(The input)
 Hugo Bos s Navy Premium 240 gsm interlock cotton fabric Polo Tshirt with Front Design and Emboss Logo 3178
(End The input)
(The input)
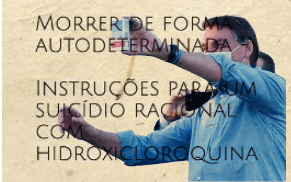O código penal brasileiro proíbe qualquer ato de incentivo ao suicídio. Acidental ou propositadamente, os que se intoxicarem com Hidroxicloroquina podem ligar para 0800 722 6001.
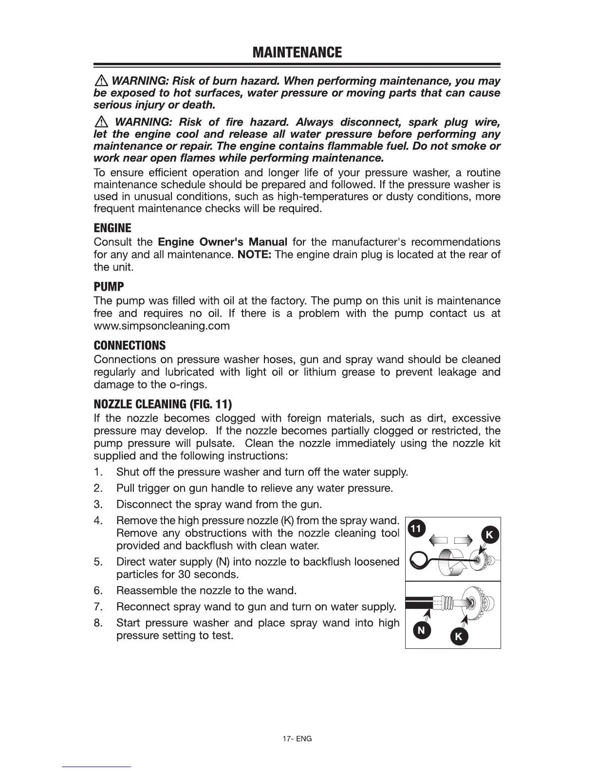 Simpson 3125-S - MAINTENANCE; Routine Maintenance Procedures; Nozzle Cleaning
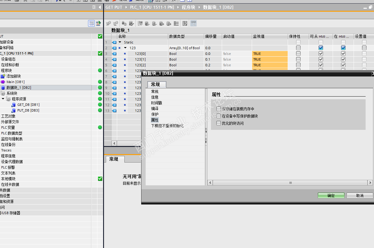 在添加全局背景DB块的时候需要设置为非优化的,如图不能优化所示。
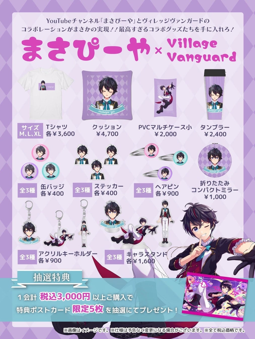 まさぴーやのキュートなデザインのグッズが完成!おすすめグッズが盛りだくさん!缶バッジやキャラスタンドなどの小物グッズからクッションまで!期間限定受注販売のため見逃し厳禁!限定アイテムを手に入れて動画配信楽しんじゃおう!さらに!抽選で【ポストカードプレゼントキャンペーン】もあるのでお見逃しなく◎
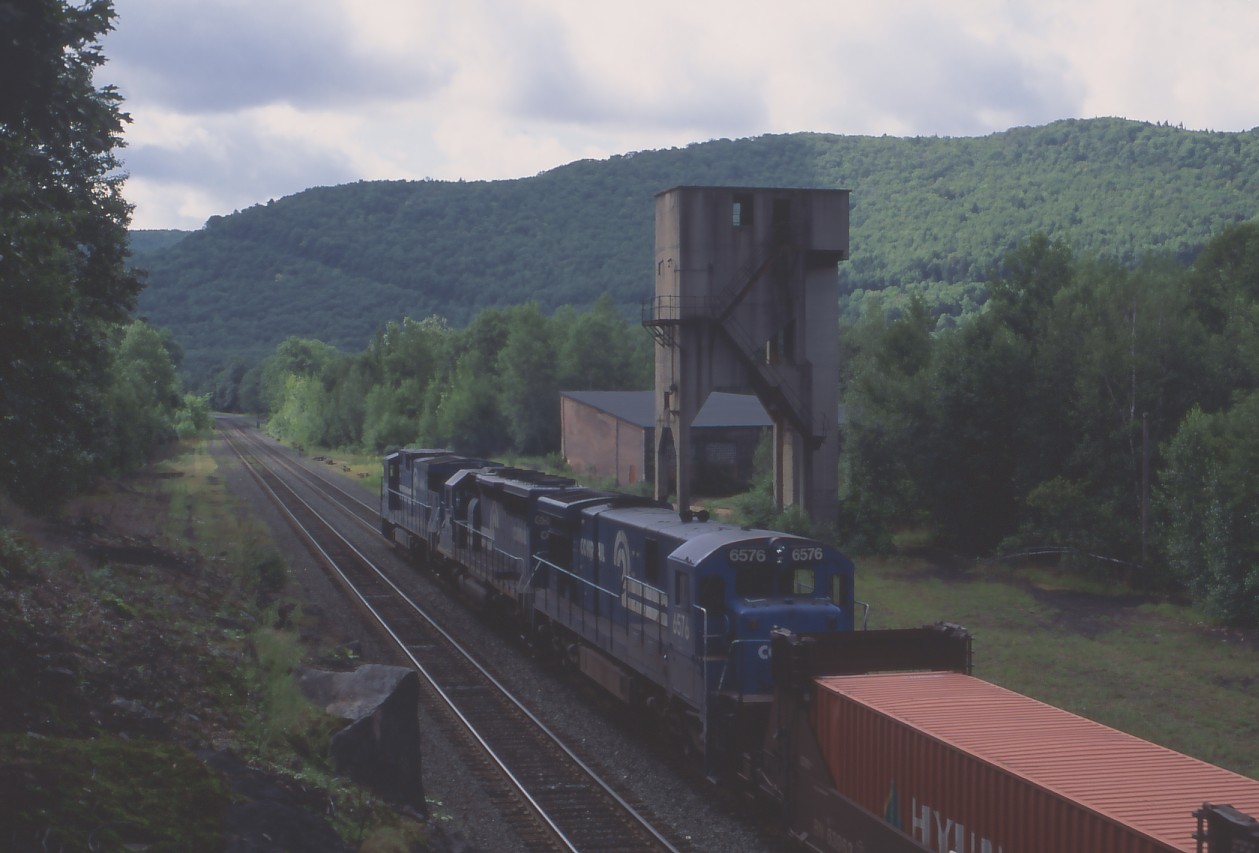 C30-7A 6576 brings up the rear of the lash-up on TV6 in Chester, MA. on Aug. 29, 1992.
(End The input)
▸ **Exercise directions**
In the entries above, find the line containing "O código penal" and the line containing "C30-7A 6576 brings", then copy both and every line between them exactly, without any picture.

▸ **Final answer**
O código penal brasileiro proíbe qualquer ato de incentivo ao suicídio. Acidental ou propositadamente, os que se intoxicarem com Hidroxicloroquina podem ligar para 0800 722 6001.
 Simpson 3125-S - MAINTENANCE; Routine Maintenance Procedures; Nozzle Cleaning
 在添加全局背景DB块的时候需要设置为非优化的,如图不能优化所示。
 まさぴーやのキュートなデザインのグッズが完成!おすすめグッズが盛りだくさん!缶バッジやキャラスタンドなどの小物グッズからクッションまで!期間限定受注販売のため見逃し厳禁!限定アイテムを手に入れて動画配信楽しんじゃおう!さらに!抽選で【ポストカードプレゼントキャンペーン】もあるのでお見逃しなく◎
 C30-7A 6576 brings up the rear of the lash-up on TV6 in Chester, MA. on Aug. 29, 1992.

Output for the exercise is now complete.